Brief:
Give back the full listing, character for character, with no pictures.

Supplied data:
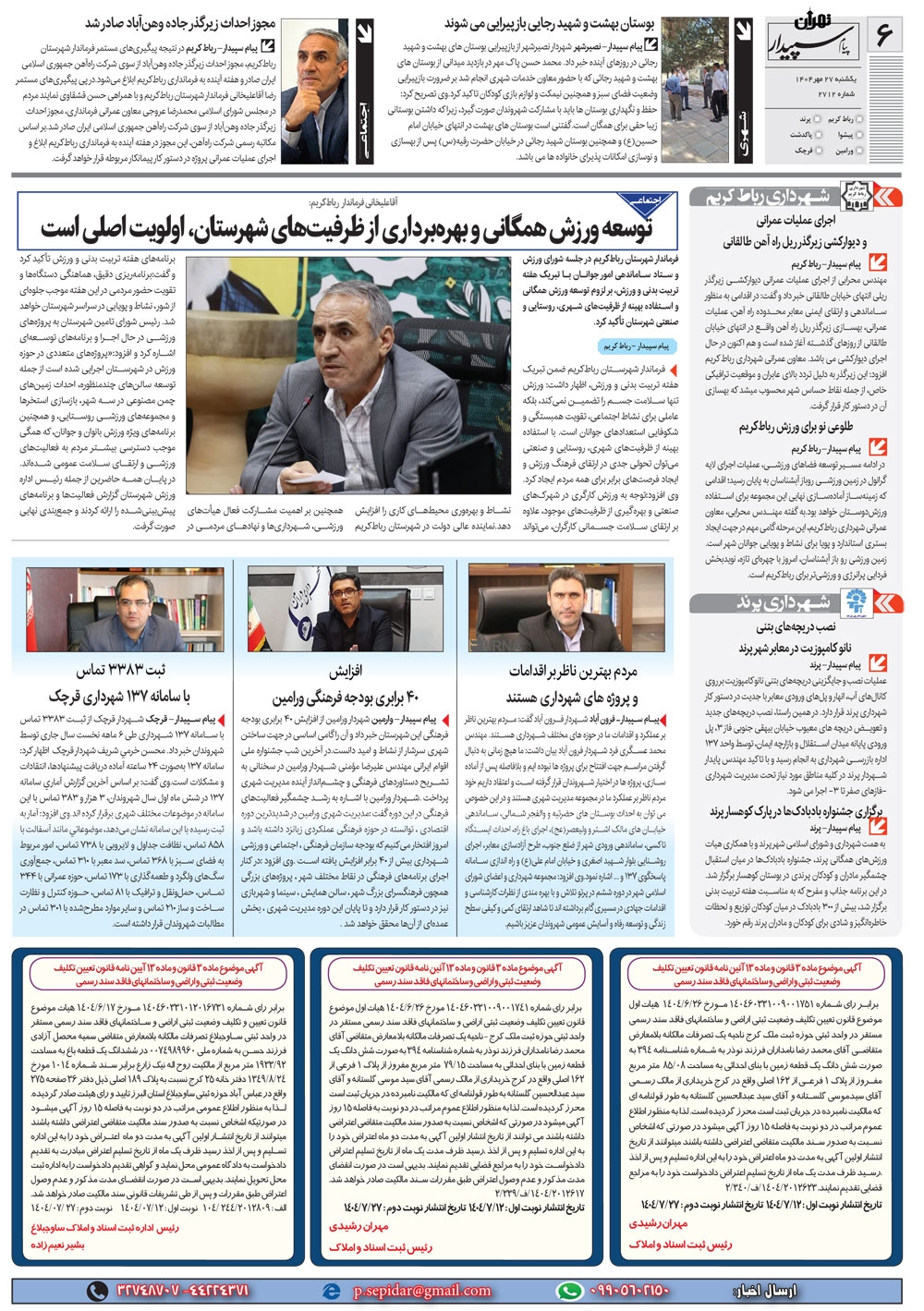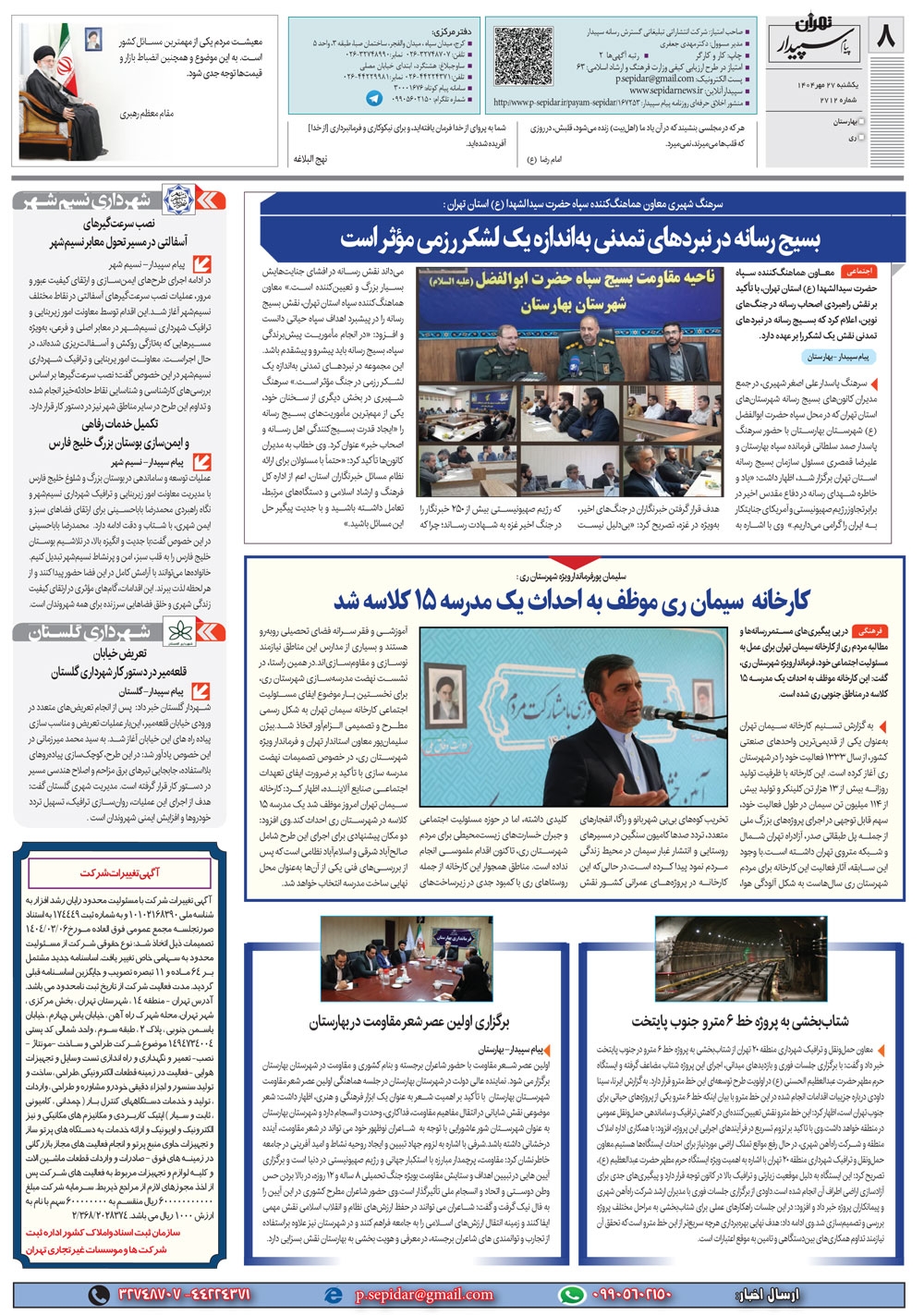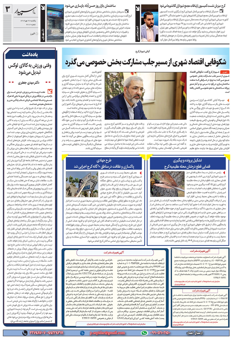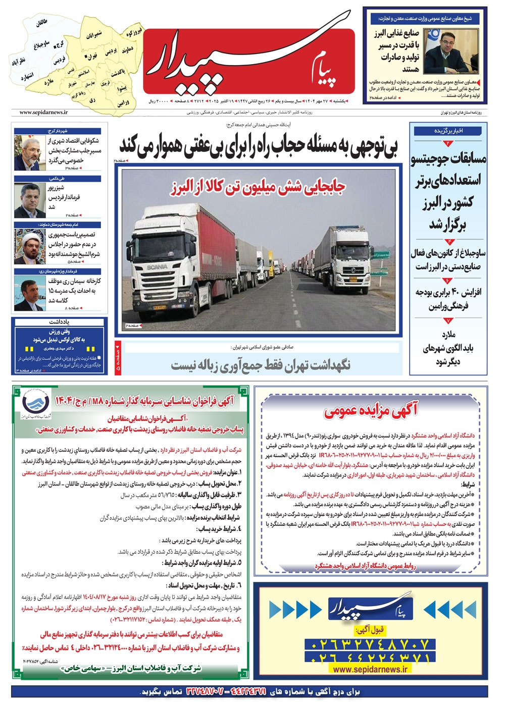 روزنامه پیام سپیدار شماره 2712 یکشنبه بیست و هفتم مهر سال هزارو چهارصدو چهار منتشر شد و در دسترس مخاطبین قرار گرفت. روزنامه پیام سپیدار را می توانید از کیوسک های مطبوعاتی سطح شهر تهیه کنید.
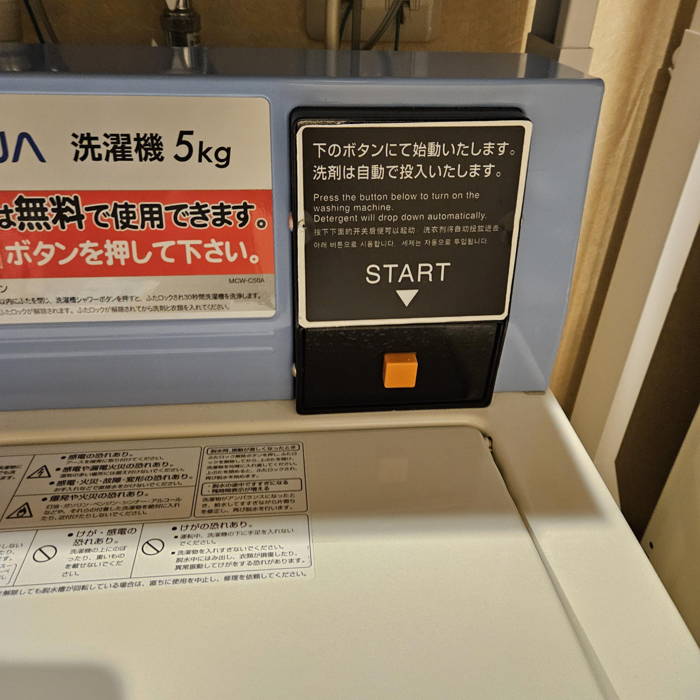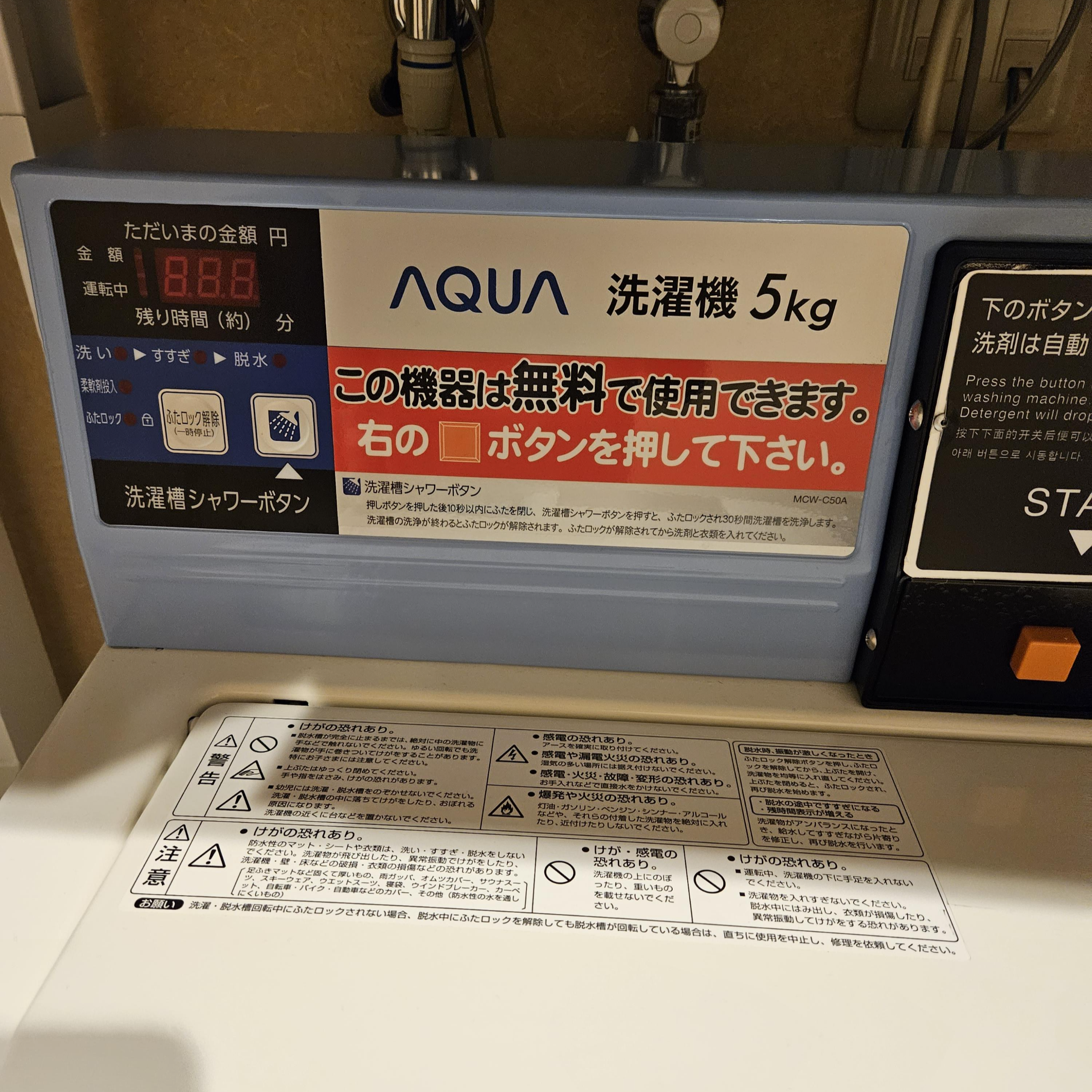 무료 세탁기: 무료로 세탁을 할 수 있다. 단, 건조기는 유료 100엔
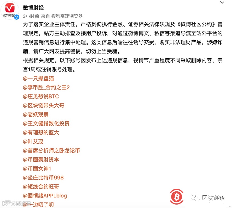 1月15日,微博财经官方发文称表示,为了落实企业主体责任,严格贯彻执行金融、证券相关法律法规及《微博社区公约》管理规定,站方主动排查及接用户投诉,对通过微博博文、私信等渠道导流至站外平台的违规营销信息进行集中处理。这类信息后端往往诱导交费,购买非法理财产品,涉嫌诈骗。根据相关规定,微博将对若干账号采取删除内容、禁言1周或注销处理。内容显示,这批账号包含一些区块链及币圈微博账号。
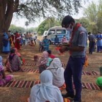 Rovers & Rangers of Bargaon ITI Unit of Odisha State Bharat Scouts & Guides distributed soaps, sanitizers and demonstrate how to wash hands properly to the people of Dahijira village of Kutra Block, Dist. Sundargarh, Odisha
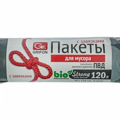 Пакеты для мусора с завязками, особо прочные, 120 л, рулон 5 шт
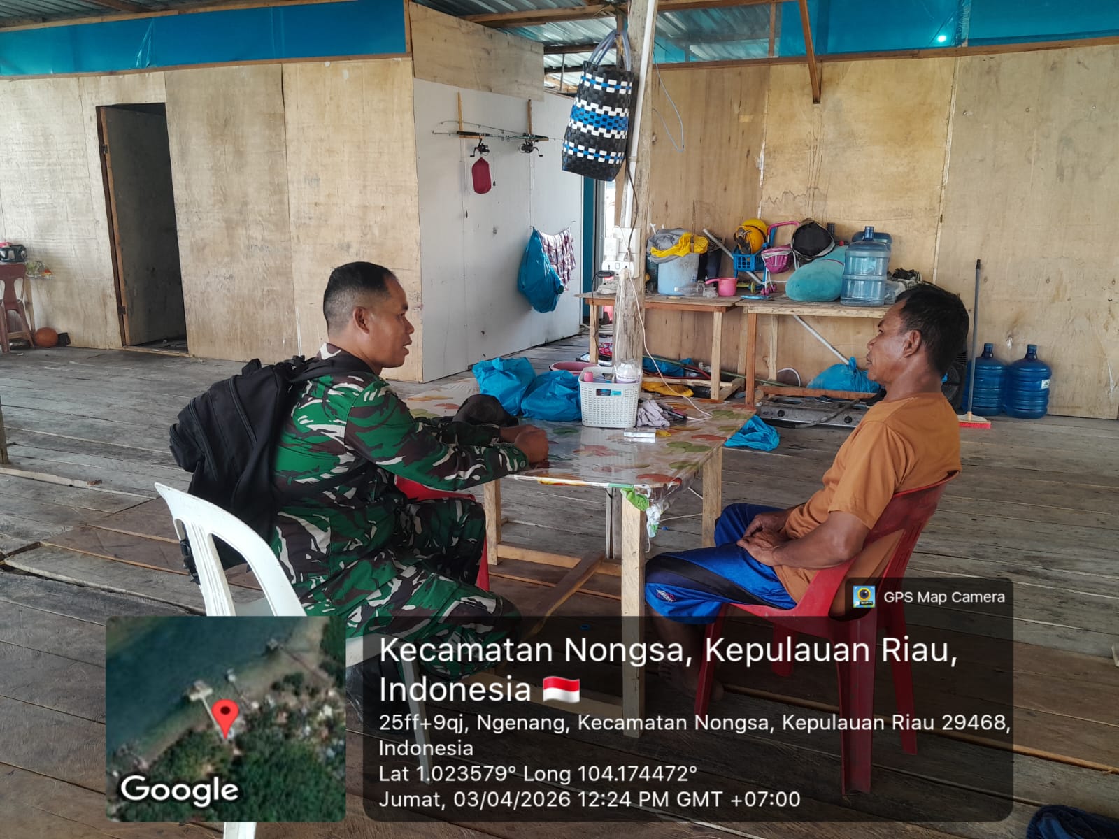 Kodim0316] Upaya menjaga stabilitas keamanan dan mempererat hubungan sosial di tengah masyarakat terus dilakukan jajaran TNI melalui kegiatan komunikasi sosial (komsos). Seperti yang dilakukan Babinsa Koramil 03/Nongsa di wilayah Pulau Ngenang, Kecamatan Nongsa, Kota Batam, Jumat (3/4/2026).

Your response:
 روزنامه پیام سپیدار شماره 2712 یکشنبه بیست و هفتم مهر سال هزارو چهارصدو چهار منتشر شد و در دسترس مخاطبین قرار گرفت. روزنامه پیام سپیدار را می توانید از کیوسک های مطبوعاتی سطح شهر تهیه کنید.
 무료 세탁기: 무료로 세탁을 할 수 있다. 단, 건조기는 유료 100엔
 1月15日,微博财经官方发文称表示,为了落实企业主体责任,严格贯彻执行金融、证券相关法律法规及《微博社区公约》管理规定,站方主动排查及接用户投诉,对通过微博博文、私信等渠道导流至站外平台的违规营销信息进行集中处理。这类信息后端往往诱导交费,购买非法理财产品,涉嫌诈骗。根据相关规定,微博将对若干账号采取删除内容、禁言1周或注销处理。内容显示,这批账号包含一些区块链及币圈微博账号。
 Rovers & Rangers of Bargaon ITI Unit of Odisha State Bharat Scouts & Guides distributed soaps, sanitizers and demonstrate how to wash hands properly to the people of Dahijira village of Kutra Block, Dist. Sundargarh, Odisha
 Пакеты для мусора с завязками, особо прочные, 120 л, рулон 5 шт
 Kodim0316] Upaya menjaga stabilitas keamanan dan mempererat hubungan sosial di tengah masyarakat terus dilakukan jajaran TNI melalui kegiatan komunikasi sosial (komsos). Seperti yang dilakukan Babinsa Koramil 03/Nongsa di wilayah Pulau Ngenang, Kecamatan Nongsa, Kota Batam, Jumat (3/4/2026).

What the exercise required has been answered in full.